Monday Mission Cheat Sheet

Tomorrow's is going to be hard, so I'm posting a few hints and examples in advance.

This week's mission is to write a post that is all anecdote: no rumination, no epiphany, no resolution. I know it doesn't sound hard, but it is. The idea came from a John Gardner writing exercise in his classic writing book, The Art of Fiction. His version was:

"Write a description of a barn as seen by a man whose son has just died. Do not write about the man, his son, or death."

And that's the idea here, too. Write an anecdote. Any anecdote about anyone or anything you like. Do not include the point of the anecdote, but try to make it clear anyway. Expect that this will take you about twenty times longer per word than you are used to in a blog post.

An example:

"On a late September day when Frances was about ten months old, I took her to a big park on the shores of Lake Ontario. The sky was a silvered blue, reflected in the lake, the plants still green and flowering. I'd dressed her in a new pair of bright orange cords in 6-9 months that were still way too big, and a short-sleeved white onesie with orange flowers near the collar.

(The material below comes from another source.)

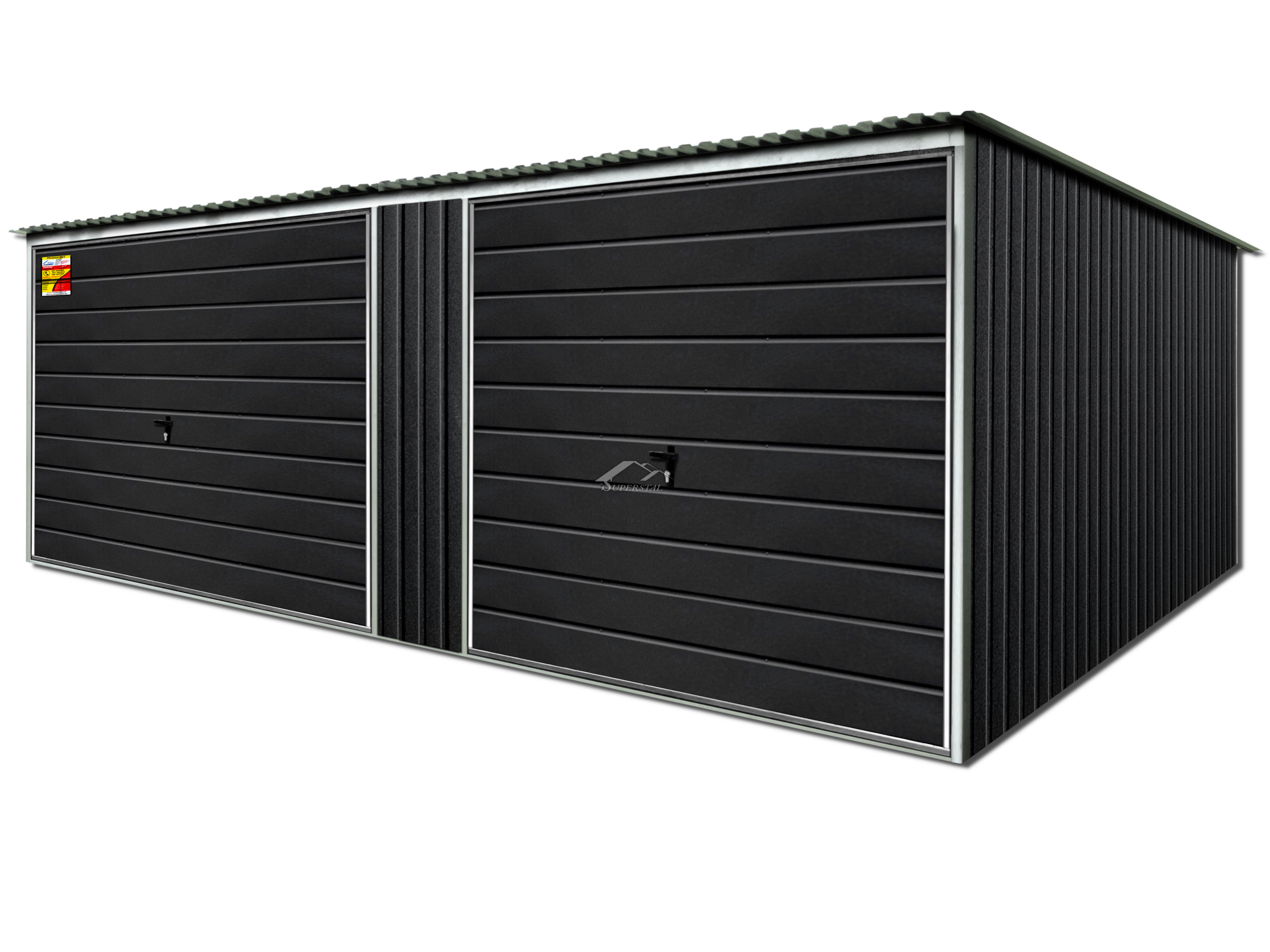 GRAFITOVÁ PLECHOVÁ GARÁŽ LUX 7X5 – SPÁD STRECHY DOZADU, VÝKLOPNÉ BRÁNY
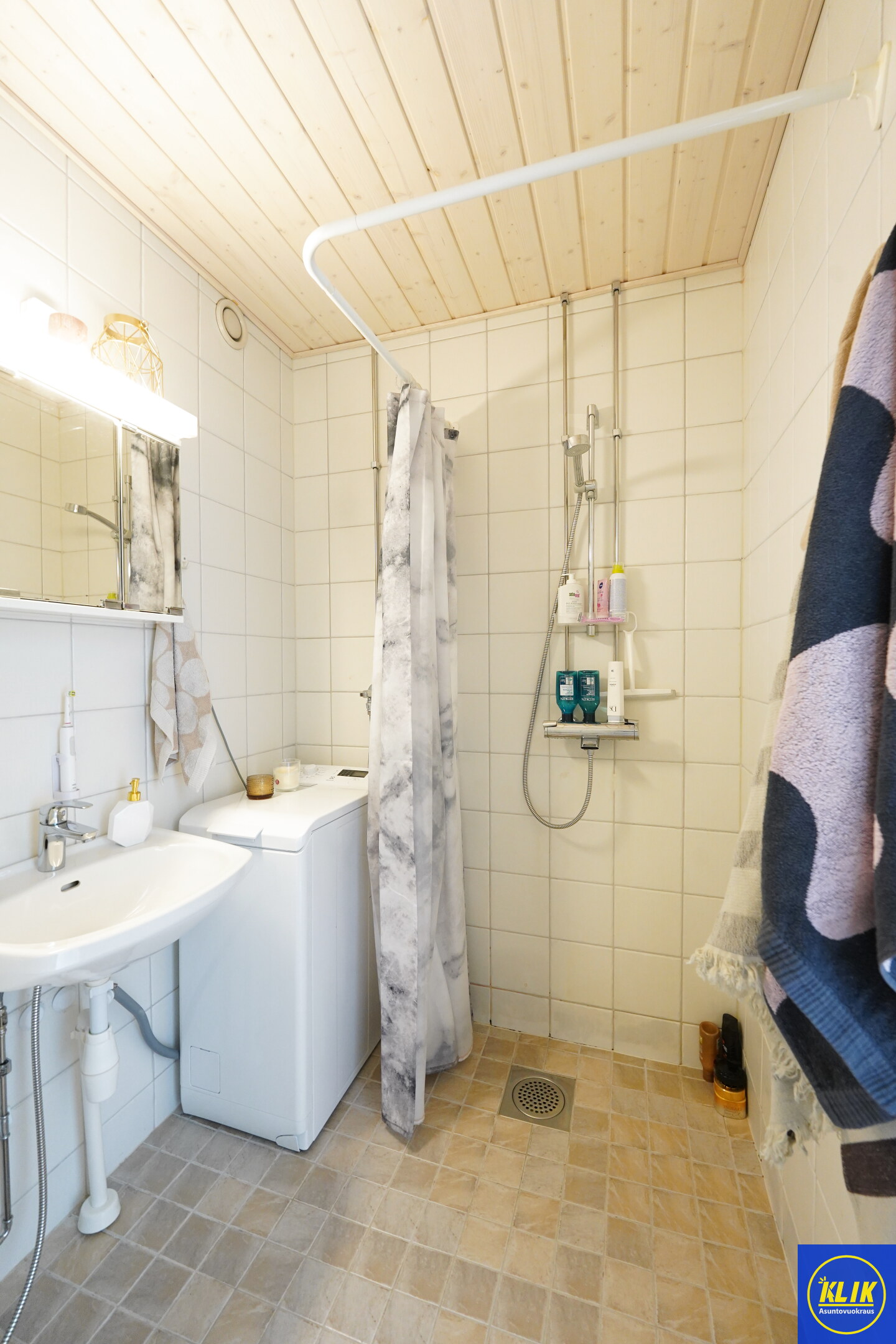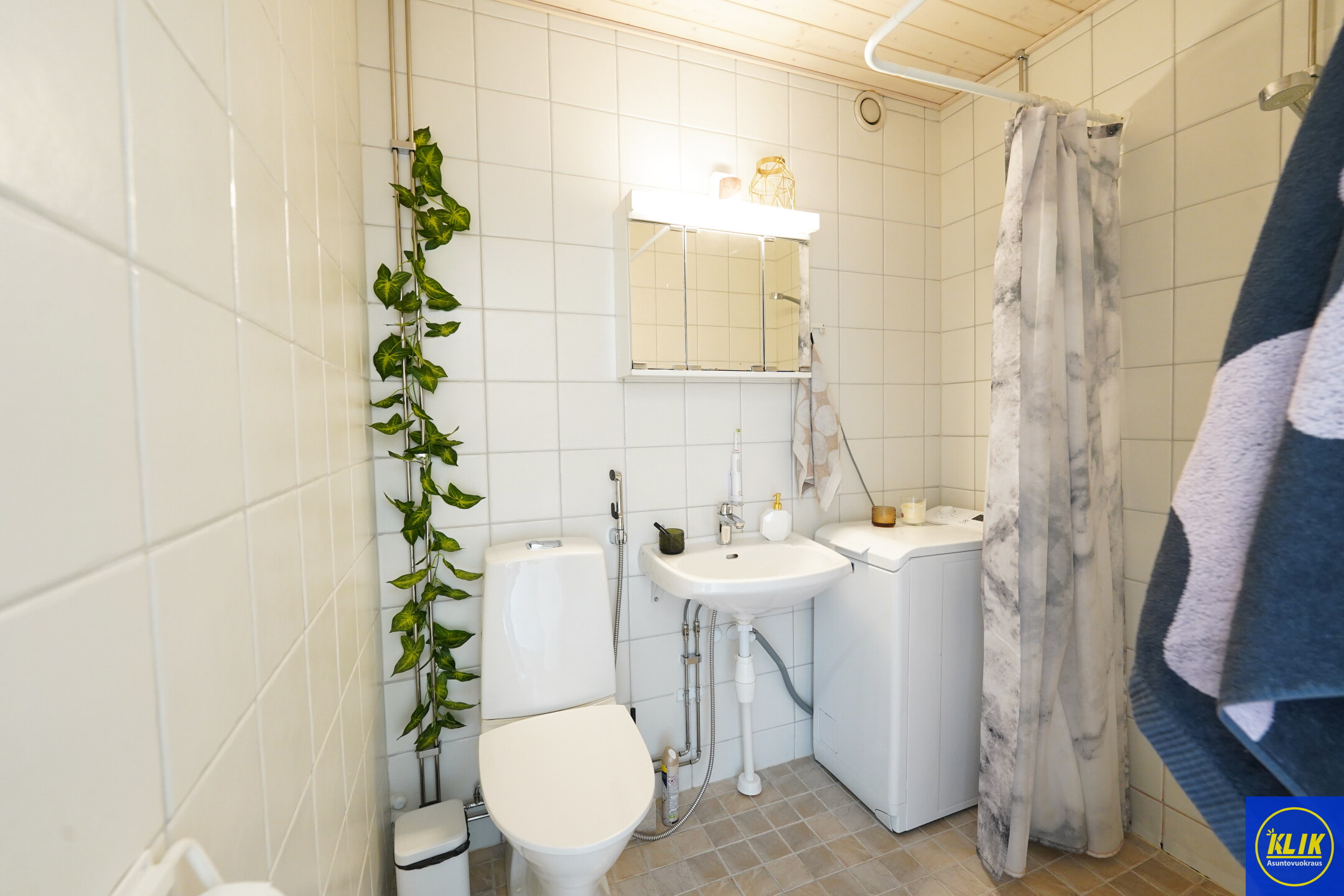 laattalattia; laattaseinä, , peilikaappi, suihku, , pesukonevalmius; taloyhtiössä pesutupa, taloyhtiössä sauna

"She was just learning to sit up. I walked the park's trail with Frances either in the stroller or in the bjorn, depending on her whims, and pointed out the flowers and birds and small animals and children playing on the slides and swings. She waved her arms mightily.

"The colour of her pants and shirt set off the green green grass and blue blue lake and sky so beautifully that I had to have a picture. I set her on her bum facing the lake, and snapped at least a dozen shots from behind. The one that hangs by paperclip on my office wall is my favourite: her large blond head precariously balanced, her round sweet arms held out to either side, the way the white of her onesie draws the eye to her inexorably. I look at it every day.

"Immediately after the photo was taken, she fell over backwards, whacked her head on the hard ground and started to wail. There were no more pictures that day."

Fun, eh?

I'm not claiming this is a work of art or a paragon of the form, but here are a few pointers:

1. Be careful with where you set the beginning and ending. You want to include enough to set the stage, but not so much that readers have a hard time figuring out what the point is.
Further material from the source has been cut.